Three Things We Loved This Week: 3/20/25
Thieving that runs in the family, Scott Phillips, and the kitchen sink
Whenever a call for submissions goes up, there’s always that little admonishment: “Be sure to read some back issues to get a sense of what we publish.” So what do you do when there are no back issues to read?
To help give a sense of our sensibilities (and just to share stuff we love), we’re publishing quick weekly roundups. If you like what we post, we’ll probably like what you write. So send us your stuff, okay?
The True Tale of Tommy Trotta
I shared this a couple weeks back on Notes, but I keep coming back to this story in The Atlantic about Tommy Trotta, a thief raised by a thief, who made a successful career out of targeting sports memorabilia. It’s a great piece of writing and an incredible story of crime.
Big Tom may not have been cut out to be a successful arsonist, stickup man, or drug trafficker, but he did better as a thief, supporting his family without once getting caught. To steal without violence was a sly art, and Little Tommy loved when his dad asked for help. Where other fathers took their sons fishing, Trotta’s dad took his to steal salmon from a hatchery. Where other dads took their kids to see historical sites, Big Tom took his son to loot them: Little Tommy, at age 11, would look out for rangers at the Gettysburg battlefield at night as his father dug up Civil War artifacts with a metal detector and spade.
William Boyle on “Kitchen-Sink Realism”
Genre is always an unruly, messy thing.

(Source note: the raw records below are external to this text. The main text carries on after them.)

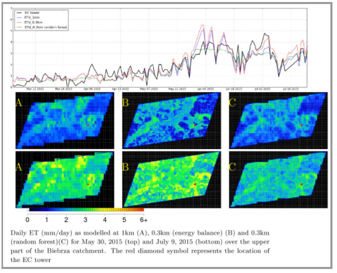 Estimates of daily ET have been derived at 1 km and 0.3 km spatial resolutions, i.e. over the grids of Proba-V 1 km and 0.3 km imagery. The ET estimates resulted from performing a pixel-based energy balance forced by satellite and meteorological data in addition to parameters related to the land cover classes. Furthermore, the 1 km estimates were statistically downscaled through Random Forest modelling. The seasonal patterns of vegetation were obtained from Proba-V observations and were key for achieving the target spatial resolutions. The study was performed in the upper basin of the Biebrza river, in Poland. The following Figure shows the modelled ET time series as contrasted with validation data obtained from an eddy covariance station as well as ET maps for two dates.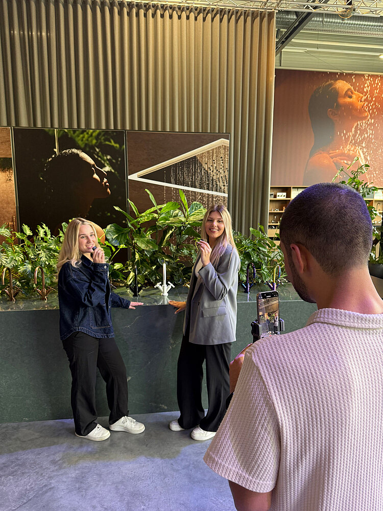 Entstanden ist das Projekt im Rahmen einer unternehmensweiten Initiative, bei der Auszubildende ihre Ideen vor der Geschäftsleitung und dem Management-Team pitchen. Die neuen Social-Media-Kanäle sind das Ergebnis eines besonders überzeugenden Konzepts. Die Planung und Umsetzung der Beiträge liegt in den Händen der Dornbracht-Auszubildenden Tamara Marin Gandul, Janka Dobers und Bilal Özkök. Sie organisieren und steuern den Content in enger Abstimmung mit der Personal- und Marketing-Abteilung des Unternehmens, sind aber auch vor der Kamera aktiv. Tamara Marin Gandul: „Bei uns steht das Team im Vordergrund. Uns geht es nicht um Hochglanz-Inszenierungen, sondern um echte Einblicke in unseren Arbeitsalltag, ehrliche Geschichten und die Menschen, die Dornbracht so besonders machen.“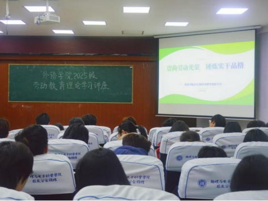校园网讯 10月24日上午,为有效培养学生正确的劳动价值观。外语学院劳动教育理论学习讲座在六栋学术报告厅举行。本次活动由外语学院2025级辅导员周伟芳主持,2025级全体学生参加。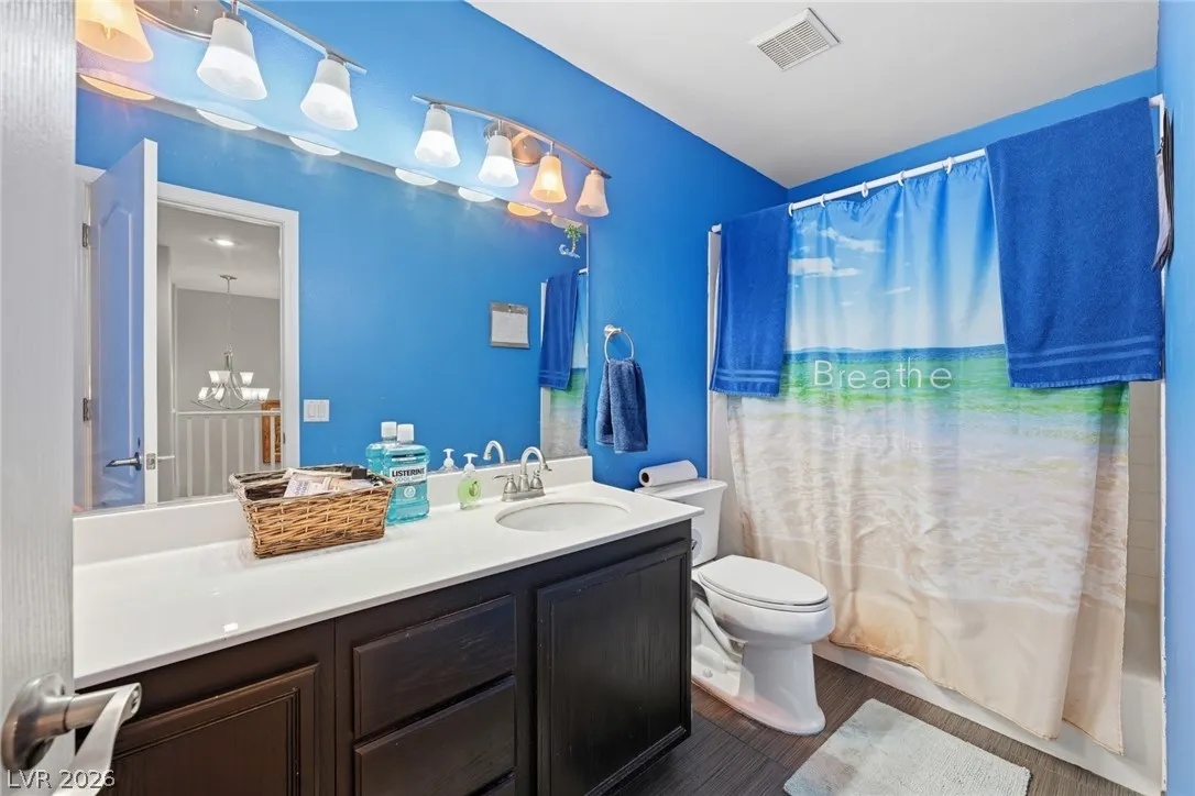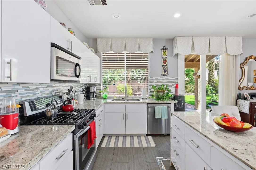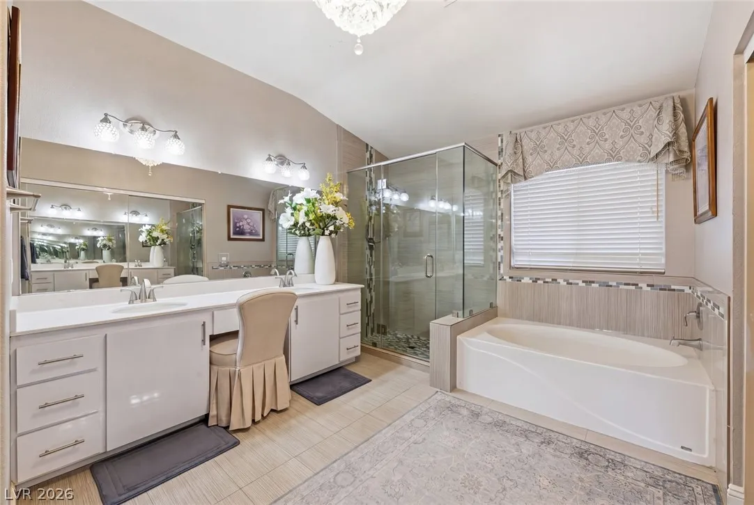 Absolutely stunning, fully upgraded home with over $100,000 in modern features. This spacious two-story residence offers 5 bedrooms plus a versatile loft. A custom gated front entry with double doors creates an impressive first impression. The beautifully remodeled kitchen is designed for both style and function, featuring a built-in dining area, sleek tile flooring, stainless steel appliances, granite countertops, a large walk-in pantry, custom window coverings, and a center island. The main-level bedroom offers tile flooring, a walk-in closet, and convenient access to a fully remodeled bathroom just steps away. Upstairs, you’ll find three generously sized guest bedrooms along with an impressive primary suite. The primary retreat features custom window coverings, a beautifully remodeled bathroom with dual sinks, a dedicated makeup area, a custom tile and glass-enclosed shower, a soaking tub, and an expansive walk-in closet with custom built-ins. Close to shopping & freeway access.

William Boyle’s essay on the connections between noir and kitchen-sink realism, and how those connections influenced his own work, is well-worth a read:
Noir is, after all, tragedy. Kitchen-sink dramas also home in on tragedies both small and profound. Violence—emotional, spiritual, and physical—hums steadily under the surface in works of kitchen-sink realism, which is why it dovetails so nicely with noir and with social realism to provide an examination of dysfunction within families and society. What happens when people—often already living on the ropes for a variety of reasons—reach the edge of sanity, have taken all they’re willing to take?
Poisoned Pen Interviews Eli Cranor & Scott Phillips
Scott Phillips’ The Ice Harvest electrified me the first time I read it, and I’ve loved Phillips sensibility ever since. (I’m also a sucker for noir set at Christmastime. The holidays will drive anyone to do some dark deeds.) I really enjoyed this conversation with Phillips, author Eli Cranor and the Poisoned Pen’s Patrick Millikin.